2 minute read
Noor Zamamiri
little turtle
Gina Trejo
There’s a dread that overcomes me in the last thirty pages of a good book. And when I see the muted green-blue of old glass. And when I reach the border of my neighborhood on a long walk. And when I lay my head down, ready to talk the night away with my love, but sleep interjects my every other thought. I adore the beginnings of those times, deeply rooted in the end of the middle. But the coattails of those times mark the end. Where they start in the bliss of no conflict, they turn over and show me what can come next. Like a touch-screen menu at a fast-food restaurant, it asks if I want to feel the next consequence in ten minutes or ten hours. It says that I can’t be living a human life without the next problem inching its way toward me.
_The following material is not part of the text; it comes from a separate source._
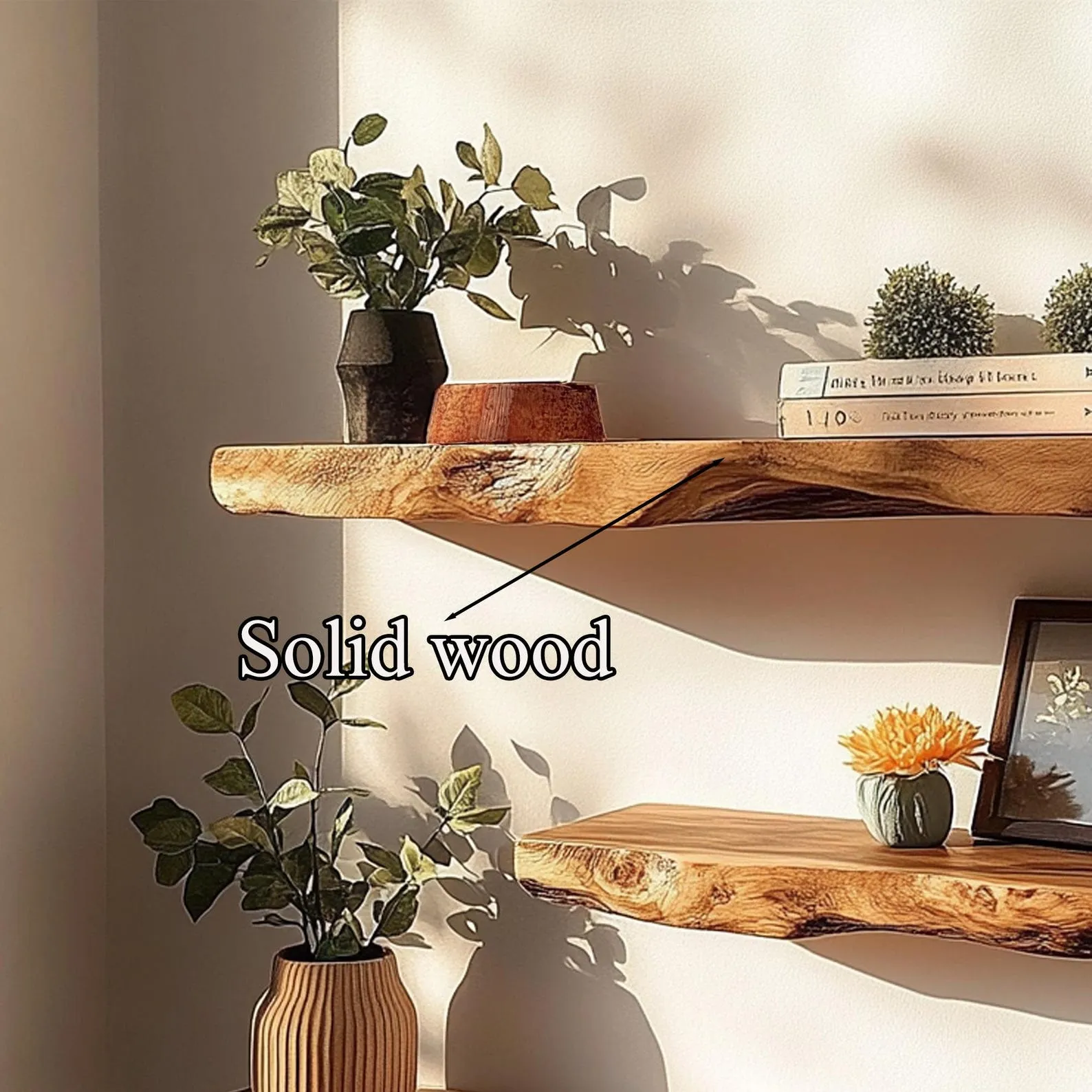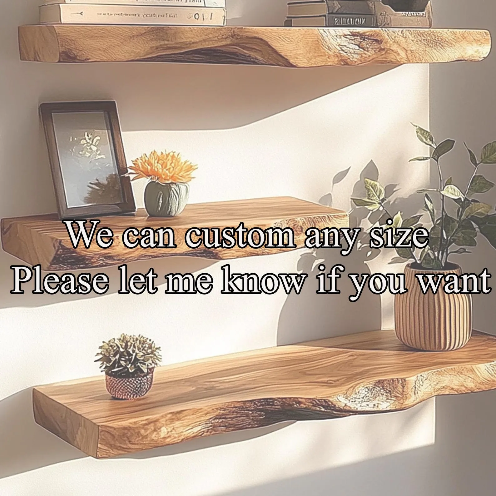 Use the tiers to hold small plants, candles, framed photos or everyday items you like to keep within reach. The floating design keeps the floor open, making the room feel lighter and more spacious. Live edge details and visible knots give the shelves a rustic character suitable for living rooms, bedrooms, bathrooms or entryways.

A no-standing zone on the edge of a cliff. “Ole Faithful” is what I call this purgatory-like time. Except that it’s backwards, not like getting into heaven, but like an old car. It got me this far, Ole Faithful did. Its slick leather seats and fresh steel-blue paint job drove me two-hundred-thousand miles and gave me countless memories. My first parking ticket. The loss of my car virginity. The last time I saw home before it was torn down. And right in that moment when the engine is purring, cooing at me with love songs, and when the leather has folded itself and knelt at the curves of my thighs, I see the check engine light come on. It had to happen, but did it have to happen to Ole Faithful? It had to happen at some point, but why when this momentary bliss just pressed its lips to my cheek? Before I can even feel the puckering of that kiss and hear the snap of love on my face, it all melts away and a problem takes root. Like a weed, the problem doesn’t let me think of what I just lost, but how to fix what’s at hand. A no-turning back zone, a “be happy you’re alive to even start a new book, look at more glass, go on a new walk, or lay down to sleep assuming the first thing you’ll see in the morning is your love’s face waiting to feel it all again with you” zone. I dread the moment where I step back and see all those forces swirling around me before I am sucked back in to living.